On 26 June 2022, aged 30, Pereira was appointed manager of Liga 3 side Amora. On 14 June 2023, after missing out promotion in the second stage, he left the club after refusing a contract renewal.

On 24 June 2023, Pereira was announced as manager of Alverca also in the third division. He won the 2023–24 Liga 3 with the side, becoming the youngest manager to win a national title in Portugal at the age of 32, and taking the club back to a professional division after a 19-year absence. On 2 June 2024, however, he departed the side.
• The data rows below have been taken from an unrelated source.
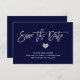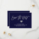 Den här eleganten och det visuella sparandet av datumkortet utan fotofunktioner ser faux silver modern skripttypografi och ett romantiskt matchande hjärta på en mörk, marin blå bakgrund.
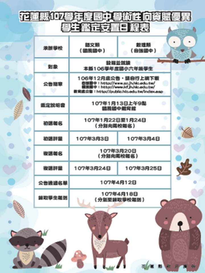 107學年度國小一般智能資優學生鑑定及國中學術性向資優學生鑑定日程表
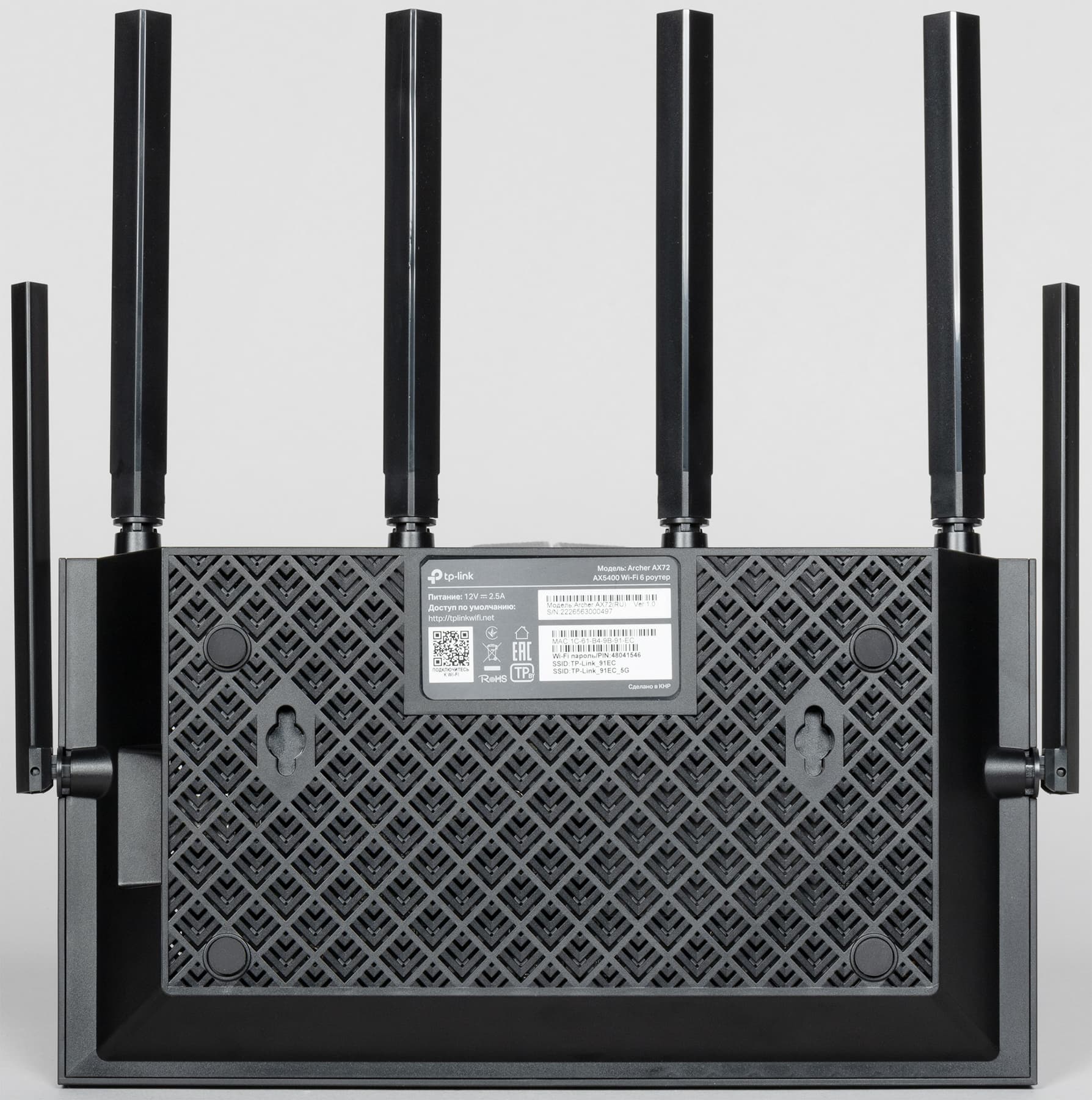 На правой и левой боковых панелях установлены две антенны, форма и размеры которых идентичны тем, которыми оснащен роутер TP-Link Archer AX72, об устройстве которого мы рассказывали в начале материала.
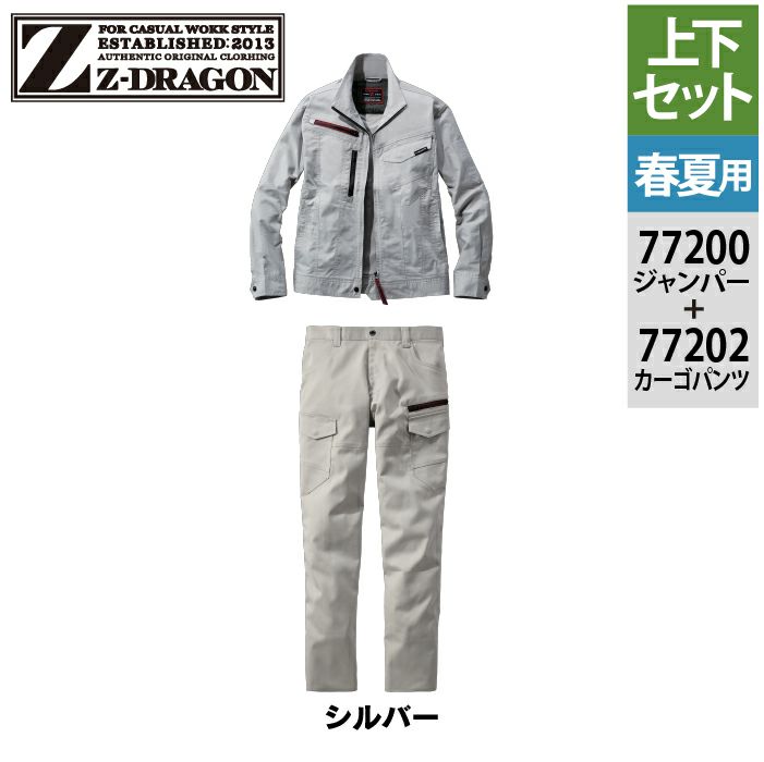 自重堂 作業服 作業着 自重堂 作業服 上下セット Z-DRAGON 春夏 77200 エコ製品制電ストレッチ長袖ジャンパー と 77202 エコ製品制電ストレッチノータックカーゴパンツ
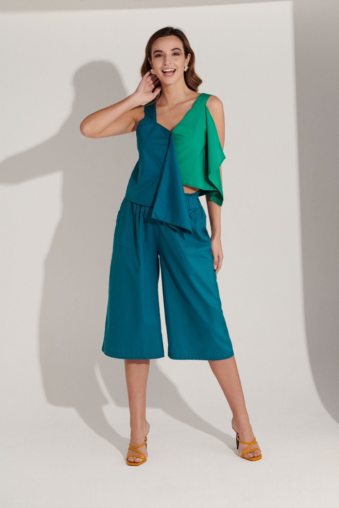 Haydee Trousers are made out of organic cotton. High-waisted, below-the-knee length and front pockets. Its elastic waist detail makes these trousers our most comfortable garment yet.

On 19 June 2024, Pereira moved straight to Primeira Liga after being named at the helm of Casa Pia. His first professional match occurred on 17 August, a 3–0 away loss to Benfica; he also became the second-youngest manager to debut in the top tier, only months behind André Villas-Boas (who was also 32 at the time of his debut in 2009).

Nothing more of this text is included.